### What needs to be done
Output every entry exactly as written, skipping any pictures.

### Supplied material

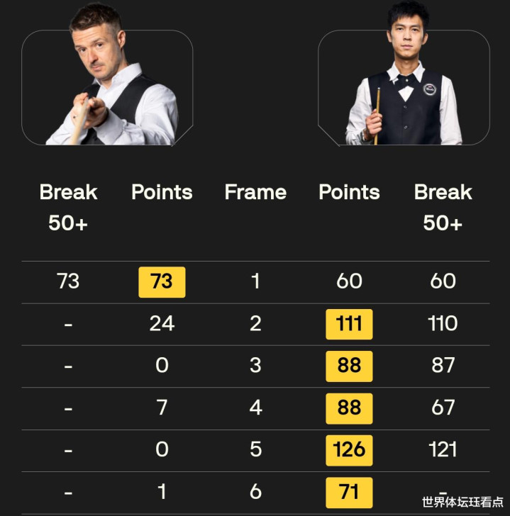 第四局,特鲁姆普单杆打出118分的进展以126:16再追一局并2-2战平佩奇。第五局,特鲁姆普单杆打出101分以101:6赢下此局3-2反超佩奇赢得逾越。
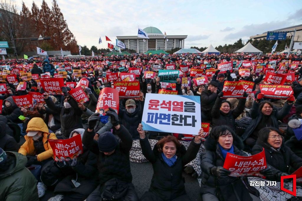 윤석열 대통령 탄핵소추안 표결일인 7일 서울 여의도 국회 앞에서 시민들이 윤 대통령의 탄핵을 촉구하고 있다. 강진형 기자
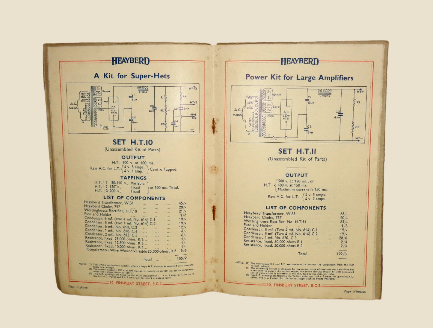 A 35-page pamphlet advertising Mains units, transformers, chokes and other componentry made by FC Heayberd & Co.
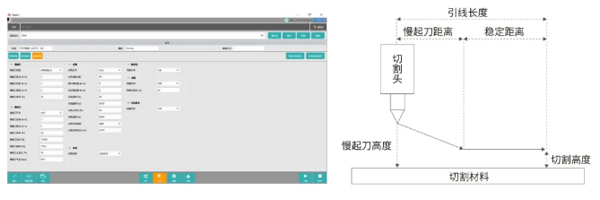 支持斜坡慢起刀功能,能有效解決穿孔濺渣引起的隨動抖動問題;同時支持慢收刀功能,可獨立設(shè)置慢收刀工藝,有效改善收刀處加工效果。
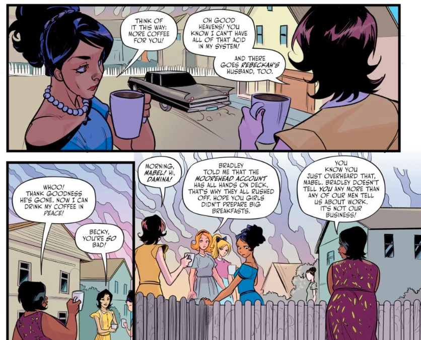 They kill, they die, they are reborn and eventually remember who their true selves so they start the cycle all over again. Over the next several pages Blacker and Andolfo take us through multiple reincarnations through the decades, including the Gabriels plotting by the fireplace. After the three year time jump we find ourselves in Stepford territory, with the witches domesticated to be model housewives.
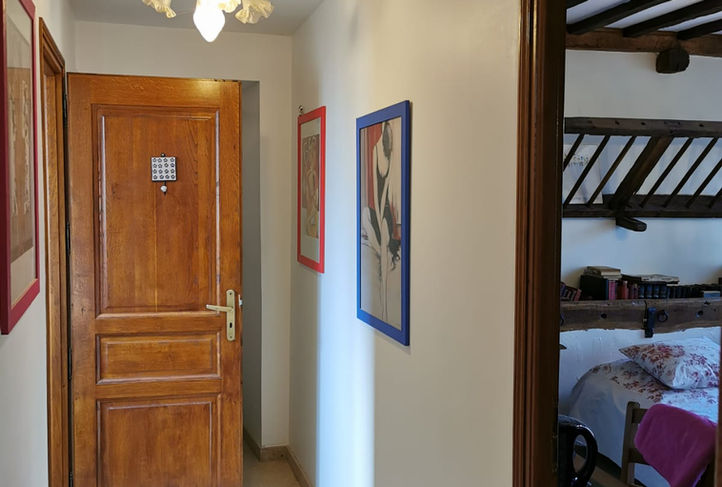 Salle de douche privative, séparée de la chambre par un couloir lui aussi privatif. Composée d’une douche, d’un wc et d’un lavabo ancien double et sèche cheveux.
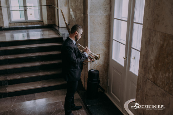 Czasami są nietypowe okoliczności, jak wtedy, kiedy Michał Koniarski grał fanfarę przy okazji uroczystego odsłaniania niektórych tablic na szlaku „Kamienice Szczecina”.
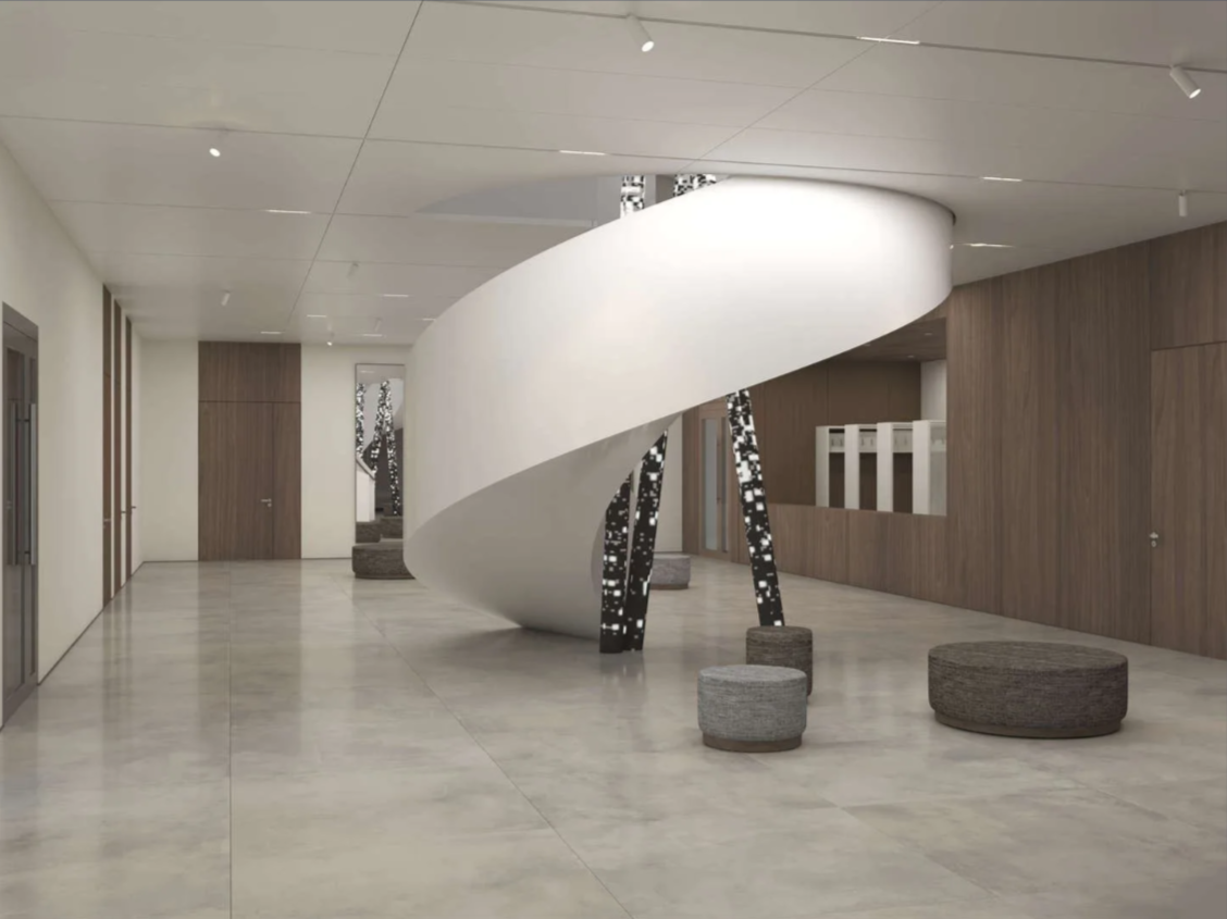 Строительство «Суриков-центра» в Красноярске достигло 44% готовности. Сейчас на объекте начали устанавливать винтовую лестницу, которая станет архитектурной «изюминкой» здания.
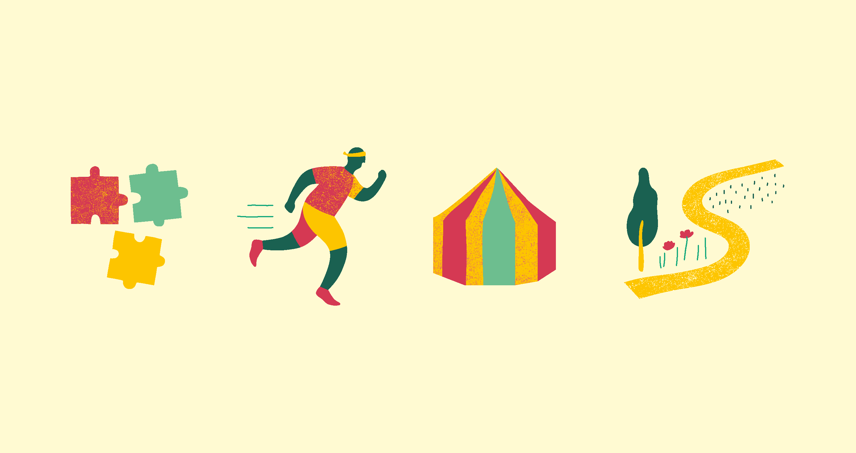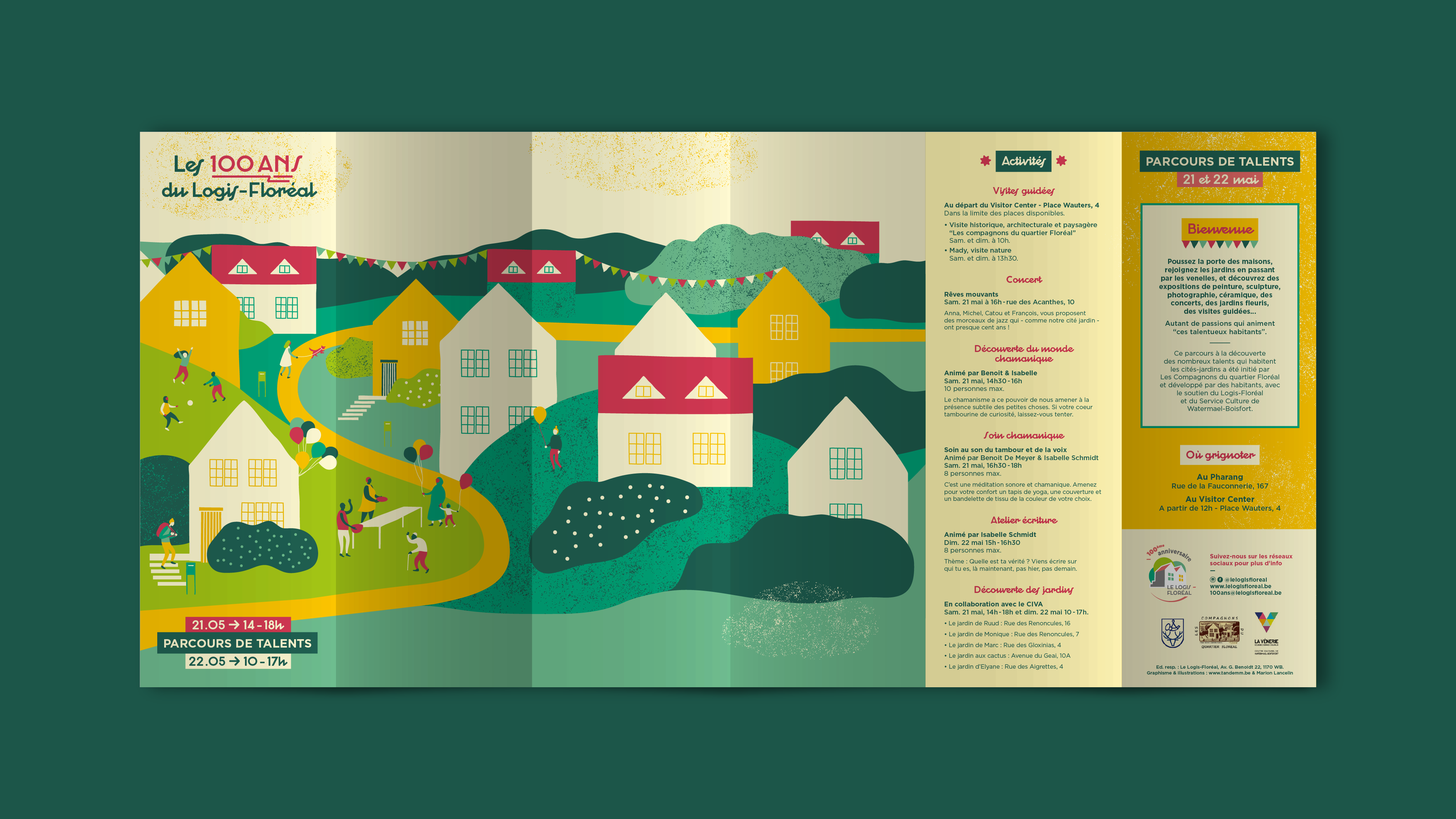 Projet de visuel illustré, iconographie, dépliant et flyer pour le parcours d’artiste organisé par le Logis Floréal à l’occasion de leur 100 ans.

### Answer for this exercise
 第四局,特鲁姆普单杆打出118分的进展以126:16再追一局并2-2战平佩奇。第五局,特鲁姆普单杆打出101分以101:6赢下此局3-2反超佩奇赢得逾越。
 윤석열 대통령 탄핵소추안 표결일인 7일 서울 여의도 국회 앞에서 시민들이 윤 대통령의 탄핵을 촉구하고 있다. 강진형 기자
 A 35-page pamphlet advertising Mains units, transformers, chokes and other componentry made by FC Heayberd & Co.
 支持斜坡慢起刀功能,能有效解決穿孔濺渣引起的隨動抖動問題;同時支持慢收刀功能,可獨立設(shè)置慢收刀工藝,有效改善收刀處加工效果。
 They kill, they die, they are reborn and eventually remember who their true selves so they start the cycle all over again. Over the next several pages Blacker and Andolfo take us through multiple reincarnations through the decades, including the Gabriels plotting by the fireplace. After the three year time jump we find ourselves in Stepford territory, with the witches domesticated to be model housewives.
 Salle de douche privative, séparée de la chambre par un couloir lui aussi privatif. Composée d’une douche, d’un wc et d’un lavabo ancien double et sèche cheveux.
 Czasami są nietypowe okoliczności, jak wtedy, kiedy Michał Koniarski grał fanfarę przy okazji uroczystego odsłaniania niektórych tablic na szlaku „Kamienice Szczecina”.
 Строительство «Суриков-центра» в Красноярске достигло 44% готовности. Сейчас на объекте начали устанавливать винтовую лестницу, которая станет архитектурной «изюминкой» здания.
 Projet de visuel illustré, iconographie, dépliant et flyer pour le parcours d’artiste organisé par le Logis Floréal à l’occasion de leur 100 ans.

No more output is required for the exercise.